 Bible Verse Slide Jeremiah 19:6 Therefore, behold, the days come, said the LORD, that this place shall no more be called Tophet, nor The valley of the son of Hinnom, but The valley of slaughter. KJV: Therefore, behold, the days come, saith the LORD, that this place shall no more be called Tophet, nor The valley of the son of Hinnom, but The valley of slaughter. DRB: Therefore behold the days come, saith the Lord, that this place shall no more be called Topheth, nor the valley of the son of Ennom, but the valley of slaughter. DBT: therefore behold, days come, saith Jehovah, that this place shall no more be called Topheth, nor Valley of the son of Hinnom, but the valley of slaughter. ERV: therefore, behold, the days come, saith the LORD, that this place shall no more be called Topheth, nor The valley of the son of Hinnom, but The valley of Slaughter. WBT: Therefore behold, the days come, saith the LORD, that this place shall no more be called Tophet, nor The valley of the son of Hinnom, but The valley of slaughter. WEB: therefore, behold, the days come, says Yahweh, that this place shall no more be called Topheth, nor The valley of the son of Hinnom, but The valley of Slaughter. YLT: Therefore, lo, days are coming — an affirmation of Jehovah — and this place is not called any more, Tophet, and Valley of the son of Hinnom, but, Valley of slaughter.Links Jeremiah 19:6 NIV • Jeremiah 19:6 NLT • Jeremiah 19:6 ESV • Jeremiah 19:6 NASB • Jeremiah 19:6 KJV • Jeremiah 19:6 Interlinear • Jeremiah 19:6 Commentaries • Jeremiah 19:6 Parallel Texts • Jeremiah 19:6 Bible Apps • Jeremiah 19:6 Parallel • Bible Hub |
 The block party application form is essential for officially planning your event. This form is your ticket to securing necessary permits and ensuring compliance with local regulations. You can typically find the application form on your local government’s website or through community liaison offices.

___

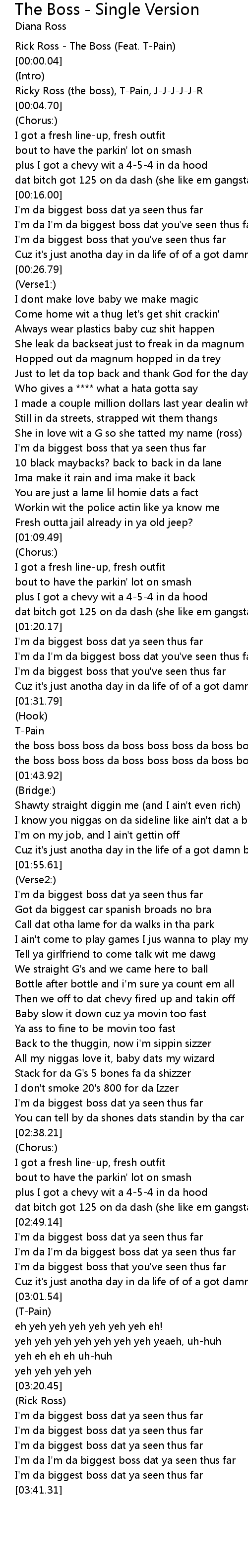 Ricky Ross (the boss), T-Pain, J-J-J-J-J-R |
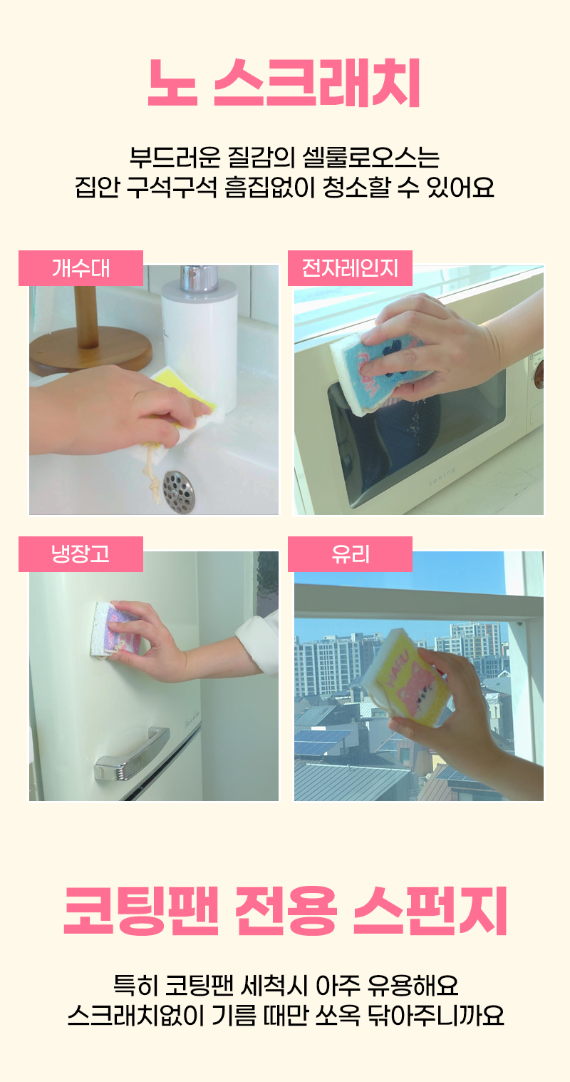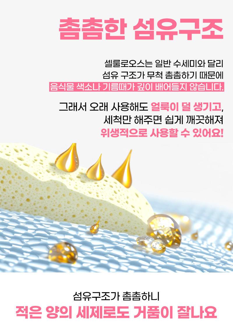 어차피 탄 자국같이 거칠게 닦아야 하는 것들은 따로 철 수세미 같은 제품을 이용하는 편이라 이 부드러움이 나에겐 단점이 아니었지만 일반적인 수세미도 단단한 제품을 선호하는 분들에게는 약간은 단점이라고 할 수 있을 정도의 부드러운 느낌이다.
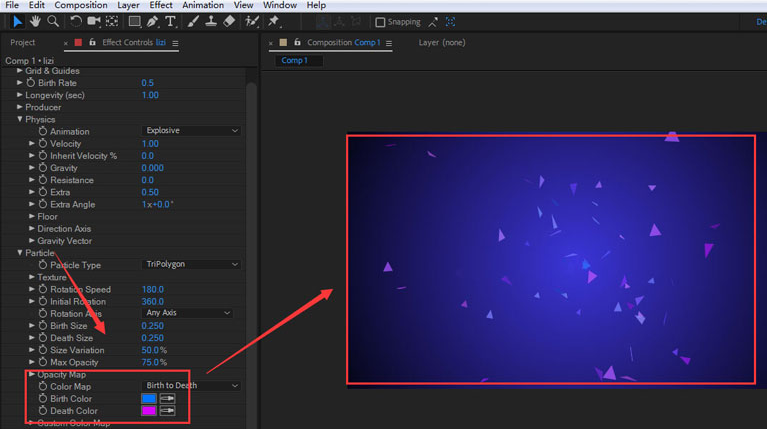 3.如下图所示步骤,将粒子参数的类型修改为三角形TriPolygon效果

___

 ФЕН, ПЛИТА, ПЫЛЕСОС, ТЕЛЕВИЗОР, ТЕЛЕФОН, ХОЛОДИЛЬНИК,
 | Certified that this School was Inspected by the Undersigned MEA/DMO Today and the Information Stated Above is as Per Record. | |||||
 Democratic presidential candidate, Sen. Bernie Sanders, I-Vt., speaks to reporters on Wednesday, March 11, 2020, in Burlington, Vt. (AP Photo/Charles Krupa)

___

◆ **Work request**: Output exactly the stretch of the listing that begins at the line containing "어차피 탄 자국같이 거칠게" and ends at the line containing "3.如下图所示步骤,将粒子参数的类型修改为三角形TriPolygon效果", both kept. Omit pictures and everything else.

◆ **Response**:
 어차피 탄 자국같이 거칠게 닦아야 하는 것들은 따로 철 수세미 같은 제품을 이용하는 편이라 이 부드러움이 나에겐 단점이 아니었지만 일반적인 수세미도 단단한 제품을 선호하는 분들에게는 약간은 단점이라고 할 수 있을 정도의 부드러운 느낌이다.
 3.如下图所示步骤,将粒子参数的类型修改为三角形TriPolygon效果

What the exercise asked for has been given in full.